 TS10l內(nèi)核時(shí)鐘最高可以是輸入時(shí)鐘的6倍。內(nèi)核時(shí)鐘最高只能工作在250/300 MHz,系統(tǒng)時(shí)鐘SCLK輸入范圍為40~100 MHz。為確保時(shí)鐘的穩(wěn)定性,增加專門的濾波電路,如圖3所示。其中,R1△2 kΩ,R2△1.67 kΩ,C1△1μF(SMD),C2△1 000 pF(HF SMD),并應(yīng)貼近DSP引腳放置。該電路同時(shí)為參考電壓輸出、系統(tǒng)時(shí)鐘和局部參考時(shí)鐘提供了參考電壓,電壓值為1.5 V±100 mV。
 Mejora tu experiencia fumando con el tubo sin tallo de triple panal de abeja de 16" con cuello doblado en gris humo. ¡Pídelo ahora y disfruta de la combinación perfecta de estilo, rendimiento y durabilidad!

---------------

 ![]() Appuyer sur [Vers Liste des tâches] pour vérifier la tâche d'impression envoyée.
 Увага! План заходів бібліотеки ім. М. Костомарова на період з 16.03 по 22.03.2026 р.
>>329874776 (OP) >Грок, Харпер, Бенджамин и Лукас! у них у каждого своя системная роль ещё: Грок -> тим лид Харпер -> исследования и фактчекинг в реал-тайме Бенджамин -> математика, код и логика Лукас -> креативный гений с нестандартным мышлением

---------------

> Problem to solve:
Could you set down, word for word, only the lines above from the line with "kΩ,R2△1.67 kΩ,C1△1μF(SMD),C2△1 000" to the line with "Mejora tu experiencia", including both?

> Solution below:
 TS10l內(nèi)核時(shí)鐘最高可以是輸入時(shí)鐘的6倍。內(nèi)核時(shí)鐘最高只能工作在250/300 MHz,系統(tǒng)時(shí)鐘SCLK輸入范圍為40~100 MHz。為確保時(shí)鐘的穩(wěn)定性,增加專門的濾波電路,如圖3所示。其中,R1△2 kΩ,R2△1.67 kΩ,C1△1μF(SMD),C2△1 000 pF(HF SMD),并應(yīng)貼近DSP引腳放置。該電路同時(shí)為參考電壓輸出、系統(tǒng)時(shí)鐘和局部參考時(shí)鐘提供了參考電壓,電壓值為1.5 V±100 mV。
 Mejora tu experiencia fumando con el tubo sin tallo de triple panal de abeja de 16" con cuello doblado en gris humo. ¡Pídelo ahora y disfruta de la combinación perfecta de estilo, rendimiento y durabilidad!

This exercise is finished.